Brief by Allen Best
Climate – February 2004 – Colorado Central Magazine
For students of classical music, or religious tyranny, 1685 was a banner year. Composer Johann Sebastian Bach was born that year, as was George Frederick Handel. The French king outlawed Protestantism, while the Swedish king banned Jews.
In Colorado, drought prevailed in 1685, what paleoclimatologists now say was the driest year for streamflow along the Front Range unrivaled until 2002. There are no historical records testifying to this blistering aridity. The state was then occupied primarily by Utes in the mountains and Kiowas and occasional others on the plains, and none had written forms of language. The evidence of the drought is found in trees.
By comparing tree rings, a discipline called dendrochronology, scientists who study the history of climate can extrapolate former weather conditions. A study by paleoclimatologist Connie Wodehouse of the National Oceanic and Atmospheric Administration at several locations in Colorado finds that the water flows in 2002 were less than any year since 1685.
As such, the drought is now being called a 300-year event, at least from the perspective of the Denver Water Department.
“We calculate this drought has a 300-year recurrence interval,” explained Marc Waage, a water resource engineer for Denver Water. “What it doesn’t mean is that every 300 years we will have a drought. What it means is that if you look at it from an extended period of time, you would expect a drought of this magnitude no more often than once every 300 years. However, that doesn’t mean that you can’t get 10 of them in rapid succession.”
In this case, measurements were taken on several watersheds where Denver gets the bulk of its water – the Fraser River Valley near Winter Park, the Williams Fork Valley north of the Eisenhower Tunnel, the Blue River of Summit County, and from the headwaters of the South Platte River.
This finding of a 300-year severity isn’t surprising. Even in July 2002, water lawyers and others were calling it a 300-year drought, despite lack of empirical evidence to support that claim. By September 2002, Hydrosphere, a water engineering company in Boulder, delivered a report based on tree-ring studies in the Boulder Creek drainage that streamflows were the lowest since 1725.
Much — but not all — worry dissipated in just a few days last March when an extremely heavy, wet snowstorm pummeled the Northern Front Range, as well as lateral areas, including Summit County. The record-breaking storm closed Interstate 70 for three days. Still, from the perspectives of Colorado’s cities, which draw their water primarily from snowpack along the Continental Divide, nobody is willing to say that we’re yet out of drought.
“The way we define drought is in terms of our reservoir storage. The start of the drought was when our reservoirs were last full, and that was in the spring of 2001,” says Denver Water’s Waage. “After that, the summer of 2002 is when we began feeling the effects of drought.”

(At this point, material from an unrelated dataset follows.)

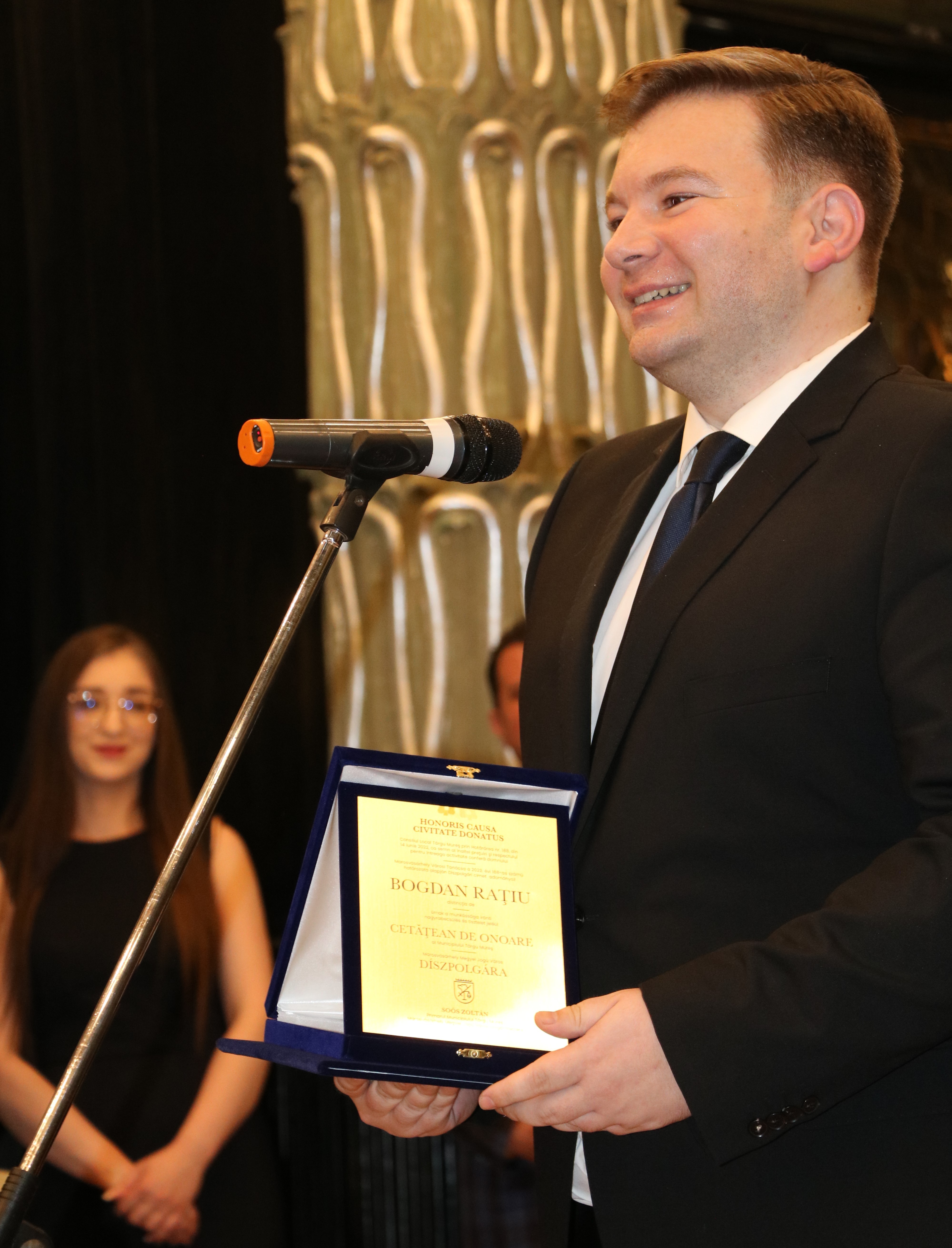 Szinten díszpolgári címet kapott dr. Rațiu Petru Bogdan, a Bolyai Farkas Elméleti Líceum romántanára, aki egy ismert és elismert személy mind a tanárok, mind pedig a diákok körében, hangzott el a laudációs szövegében. Rațiu Bogdan 2008 óta tanít a Bolyaiban, ahol kiváló eredményeket ér el a diákokkal. A kezei között tanuló diákok közül többen eljutottak a román nyelv és irodalom tantárgyverseny országos döntőjébe. Ez azért is kiemelkedő eredmény, mert magyar anyanyelvű diákokkal dolgozik. A 2019-ben Meriot díjat kapott Rațiu Bogdan elmondta, hogy sokat kösöznhet a városnak és reményét fejezte ki azzal kapcsolatban, hogy a jövőben is képes lesz úgy nveleni a diákjait, hogy azok egy dinamikus közösséget tudjanak kialakítani.

Denver’s reservoirs as of December were overall at 75 percent filled, although Dillon Reservoir, the largest, was at 88 percent. This is normal for this time of year. However, the big winter months are yet ahead. “We still have an awful lot of snowpack season to come,” said Waage during December. “It’s really too soon to start worrying about how bad things are going to be next year.”
Hydrosphere’s Lee Rozaklis, a principal in the firm, points out that drought is different from streamflow. Streamflow is not directly dependent upon precipitation received that year. For example, in terms of precipitation received during 2002, it was a dry year but not extraordinarily so. But in terms of streamflow, it was the driest on record since … well, 1715 or 1685, take your pick.
“It wasn’t an exceptional year in terms of creating conditions likely to result in wildfires,” he said. “I think it was the perfect storm in terms of streamflows.”